Los Angeles - Die seit 15 Jahren in Kalifornien lebende Bestsellerautorin Cornelia Funke (61) ist nach eigenen Worten von den USA "desillusioniert". Sie habe "das traurige Gefühl, dass mir der amerikanische Traum abhandenkommt", sagte die Autorin dem "Spiegel".

"Die Frage ist: Wann ist es Zeit zu gehen? Ich bin bereit zu kämpfen, ich bin auch bereit, die Schwierigkeiten auszuhalten, aber kann ich diesen amerikanischen Traum noch unterschreiben?"

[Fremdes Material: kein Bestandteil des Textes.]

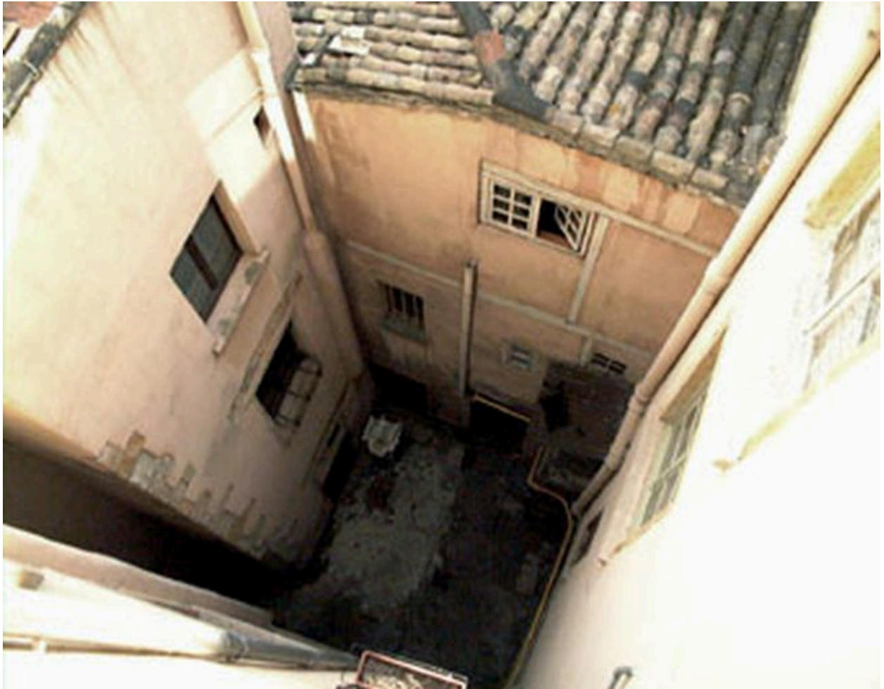
Vue de la cour commune aux 5 et 7 rue Bellière, 10 rue Ferrachat et 12 rue du Doyenné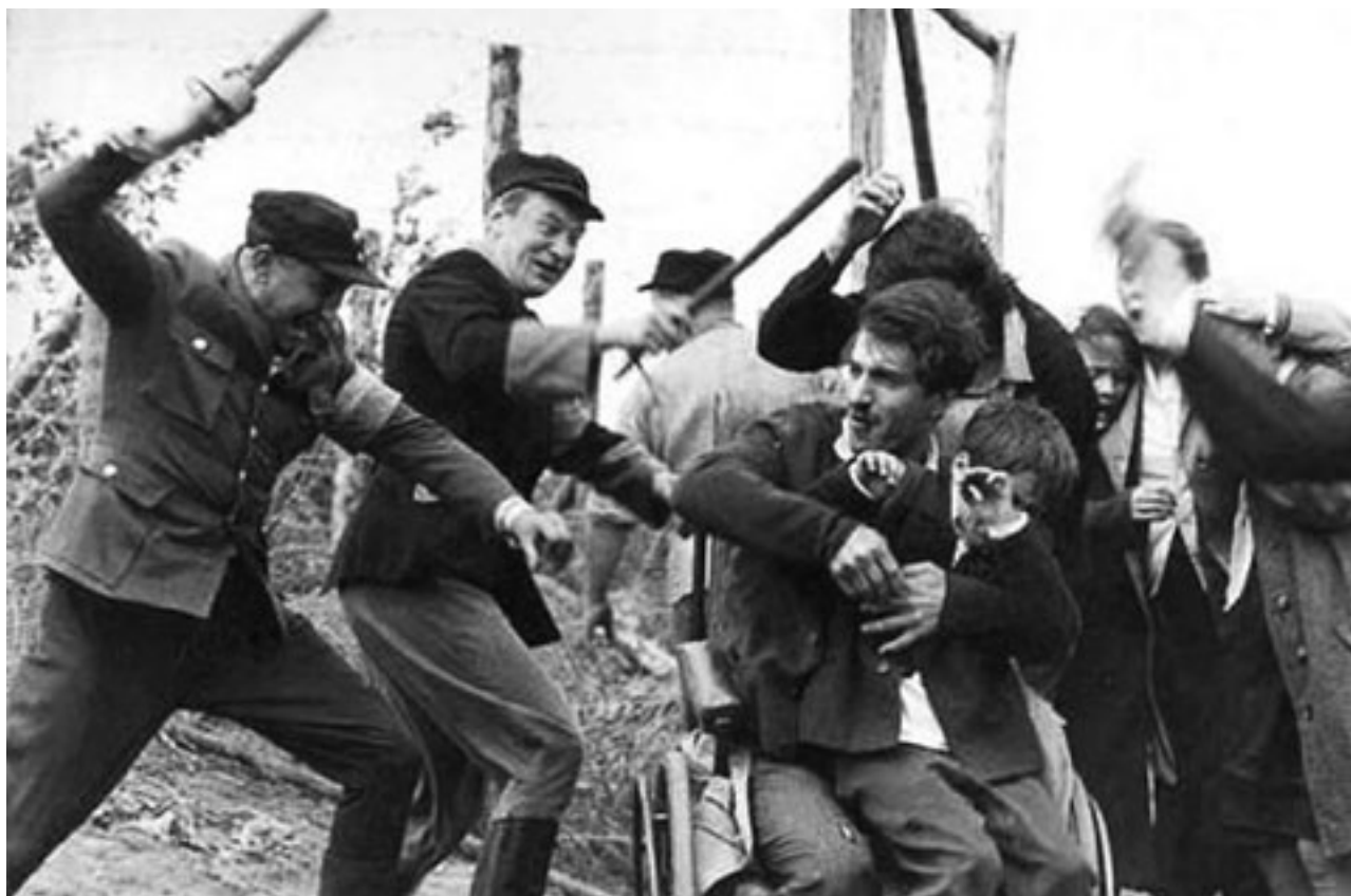
Между 1 и 7 июля 1941 года батальон «Нахтигаль», возглавляемый Романом Шухевичем, вместе с полицией и оуновцами убили во Львове три тысячи поляков и евреев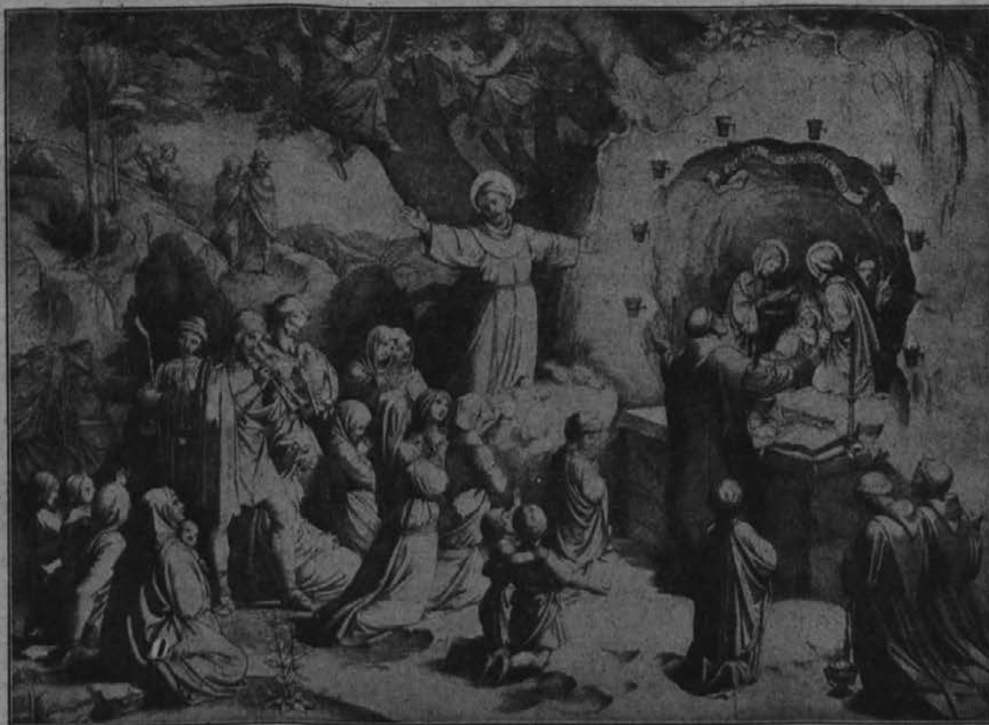
Prve jaslice sv. Franciška.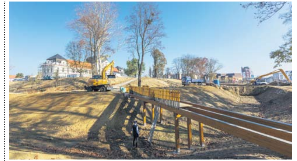
Glazbeni most bit će posebna atrakcija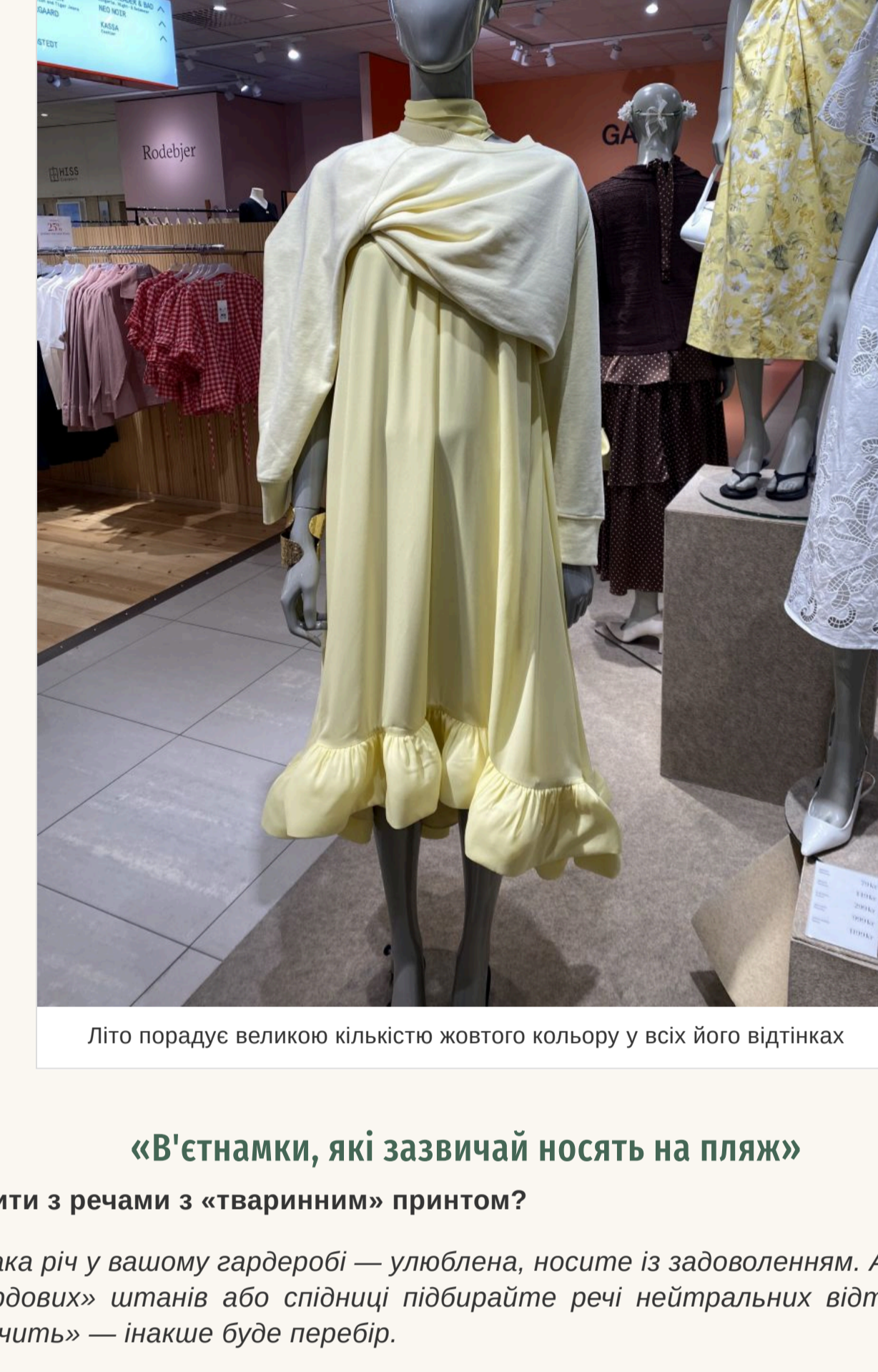
Лїто порадує великою кількістю жовтого кольору у всіх його відтінках

Знову актуальна завищена талія та накладні кишені. Нїкуди не зник зорох — він став ще більшим у порівнянні з минулим сезоном. Що стосується клітшин, то вибирати вбрання із клітшиною середнього розміру, а ось її колір найкраще щоб був яскравим. Літо порадує великою кількістю жовтого кольору у всіх його відтінках. Білий — на лїку популярності. Продовжує утримувати позиції та яскраво-червоний із блакитним. А ось популярний минулого літа коричневий поступається своїм місцем.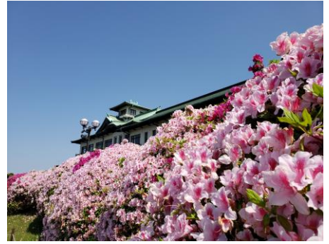
つつじまつり【蒲郡市・蒲郡クラシックホテル】4/下～5/上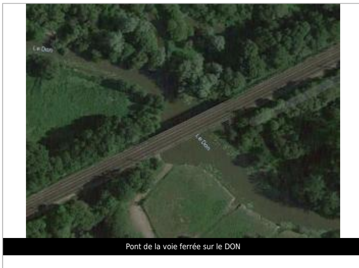
Pont de la voie ferrée sur le DON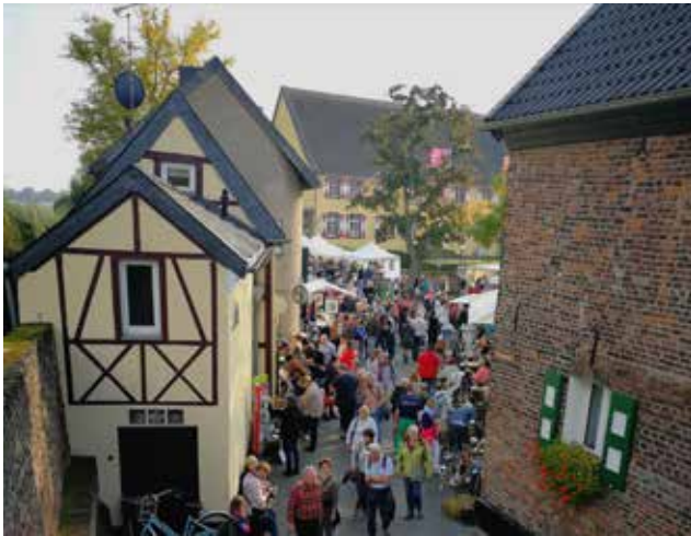
Buntes Marktleben am traditionellen Matthäusmarkt im September.

Der heutige Schloßplatz diente bis zum Jahre 1829 als Marktplatz. Hier schneiden sich Rheinstraße und Schloßstraße, die beiden so genannten Toreinfallstraßen . Bis 1832 befand sich im linkerhand gelegenen Haus mit der Nummer 5 das Zonser Rathaus. Unmittelbar dahinter führt ein Durchbruch in der Stadtmauer auf den Treidelpfad .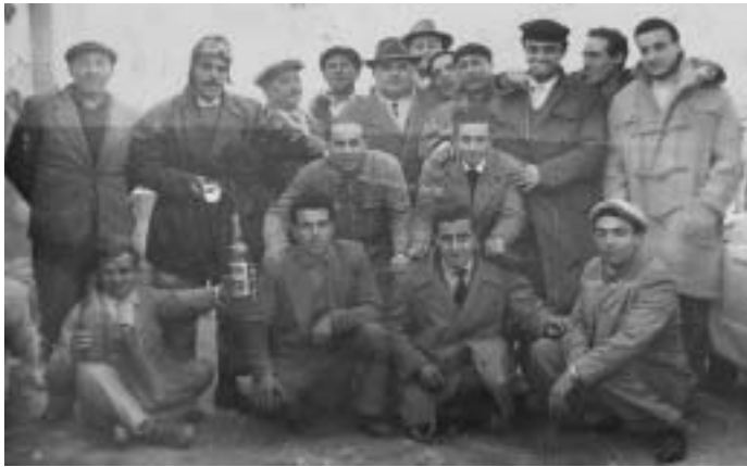
Fig. 1 - La prima esplorazione alla Grotta di Torre di Lesco nel 1951.

Si è operata una selezione tra le principali e significative immagini conservate nell'archivio fotografico del C.A.R.S., al fine di fornire una idea sequenziale di cinquant'anni di attività.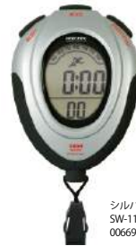
シルバー SW-114SV : 006698

機能 1/100秒ストップウォッチ/スプリットタイム計測機能/時計機能/ カレンダー表示/アラーム機能/時報/ネックストラップ付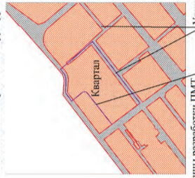
Границы разработки ПМТ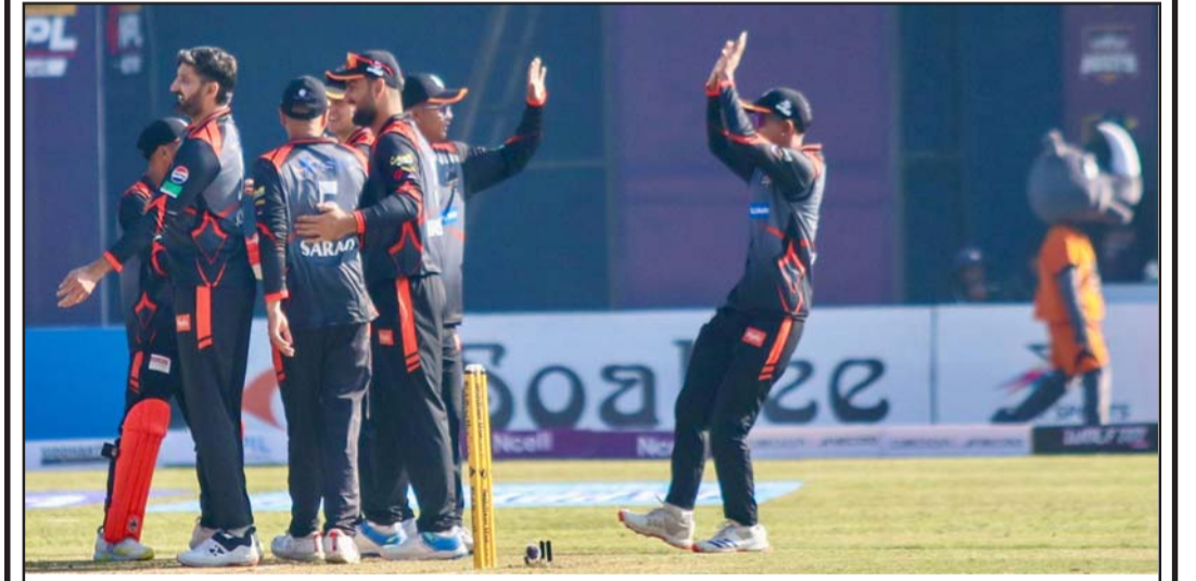
काठमाडौं गुर्खाजका खेलाडीको विकेट लिएपछि खुशियाली साटासाट गर्दै चितवन राइनोज टीम।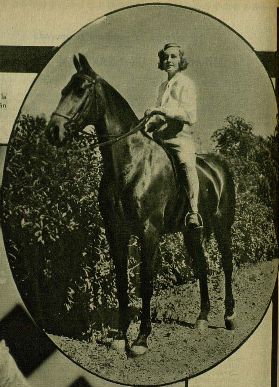
Madge Evans, linda actriz de la M. G. M., montada en su alazán favorito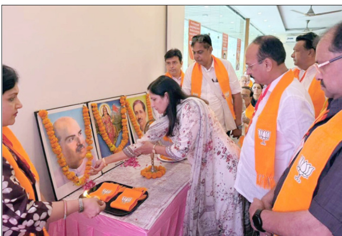
पं. दीनदयाल उपाध्याय महाप्रशिक्षण अभियान के अंतर्गत दिल्ली भाजपा के जिला स्तरीय प्रशिक्षण सत्र आज से शुरू हुआ।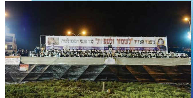
לשמור ולעשות. הכנס שנערך בדואטמ רבני עירוד בחדש אב תשפ"ב. צילום יעקב לרדמן

על הצעה המבוקשת שהם זכו לעשות בעקבות כך. אותו דבר גם בנוגע לברכת המזון, המבשרי סמוך היא אני באמצע מצוה דאורייתא. אני רגיל לומר שיקשה לי לדימוין מצב שבהן גדול עומד בבית המדרש באמצע שחיתת קרבן מוציא את הסלולרי מהמים ואומר לתלואי שמעבר לשמורת: 'נו, נו' עדין עומד דקות, אני עוסק עשיתי... ומינין ובה' יש לי הרבה מצוות דאורייתא במשך היום אז קשה להשיג אותן... מה אעשה... והאמת מי שצריך אותו ברבא, נכיר את השעות בהם אני זמין, והיכן אני נמצא. עוד נקודה אחת בעניין זה. הרי כשלומוס הילנות הפילה עיניו על כמה העניין תמוה, אפי' נחש על עקבו לא פסיק, כמו כן אסור להיכנס ל' אמות של המתפלל, כל ארבע דברים המורים נכתבו בעניין זה בספרי ההלכה, ואם כן בירור שמי שנכנס עם מכשיר ללוק ומזמין לעצמו את האפשרות להיות מופרע כל הזמן באמצע התפילה ע"י המכשיר, הרי זה ההיפך מכל מה שכתבו בשר"ע א"ח ובמשנה ברורה חלק א'. אמרת לישירו: התבונן כמה אנו מופלסים במכשירי תאר לך קבוצת בוביק, אחת כבר עומד בתחנה מבית שמש לכוון ירושלים, ופתאום נכרת ששכת את התפילין בבית, הרבה פעמים בפרט אם הזמן לחוץ אתה חושב לעצמך, כבר נסתדר, נשאל תפילין מתברר או מסתם אדם. אבל מה קורה אם אדם שם לב שהוא שכח את הטלפון בבית, או אז הוא אומר מעטשש' (לא בן אדם), הוא רץ הביתה כל עוד נשמתו באפו להיות בטוח שהמכשיר אותו. פשוט השתגענו לגמור... וכל זה במגשיש כשר והגל, אבל כשצאו מדברים בעת על הסטארטפון, אספר עוד דבר קטן: הייתי לאחורונה בבית חולים לחולי פשע, אני מירוד עם עם חלק המטופלים, והם פשוט הראו לי על כמה אנשים שירדו מדעתם אך ורק בגלל השימוש שלהם במכשיר הסטארטפון... ירחם ה'!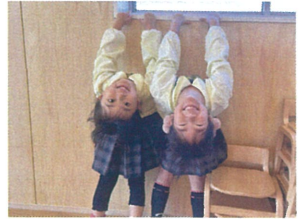
世界がさかさまに なってる☆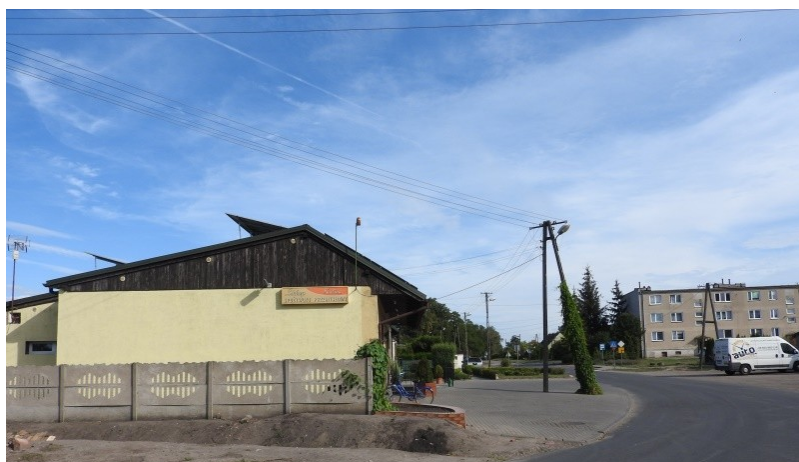
Zdjęcie nr 2 – Zabudowania przy drodze w miejscowości

Opracowanie Sołeckiej Strategii Rozwoju było skutkiem przeprowadzenia dwudniowych warsztatów , które poprzedzone zostały wizytacją miejscowości przez moderatorów.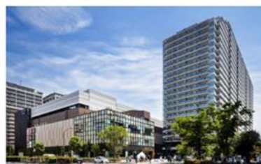
敷地北西側からの外観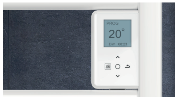
Boîtier digital tactile et programmable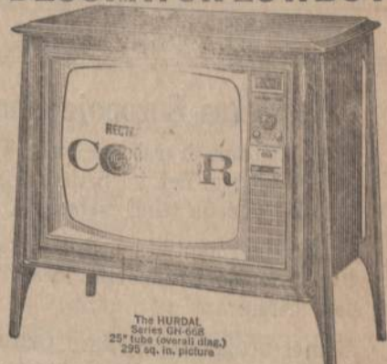
The HURDAL Series GH-600 25" tube (overall diag.) 290 sq. in. picture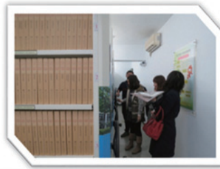
參訪：彰化縣北斗地政事務所 學習：庫房外設置黏塵踏墊等 3 項

Für die zunehmende Polarisierung ihrer Wahlheimat sei Präsident Donald Trump verantwortlich, sagte Funke ("Tintenherz", "Drachenreiter"). "Trump lockt nun all das Hässliche heraus, was wir für besiegt und vergessen hielten." Er habe die "sozialen Werte" der USA "dramatisch umgekehrt", allen voran Diversität, Toleranz und Fortschrittsglauben. Sie kritisierte, dass etwa eine Krankenversicherung "meist nur als unnützes Hindernis für einen vollkommen von der Leine gelassenen Kapitalismus betrachtet" werde.

Als weiteren Grund für ihre Zweifel an Amerika nannte Funke die schweren Waldbrände in Kalifornien. Ihr Haus in Malibu bei Los Angeles brannte 2018 fast ab. "Als das jetzt wieder losging mit der Brandsaison, habe ich auch gesagt, Himmel, ich glaube, ich muss doch weg." Trotzdem bleibe ihr Grundstück in Malibu für sie "ein heiliger Ort", das sie nicht "einfach irgendwelchen Spekulanten überlassen" wolle. Sie wolle aber einen Hof in Deutschland kaufen, auf dem ihr Artist-in-Residence-Programm ein europäisches Zuhause finde.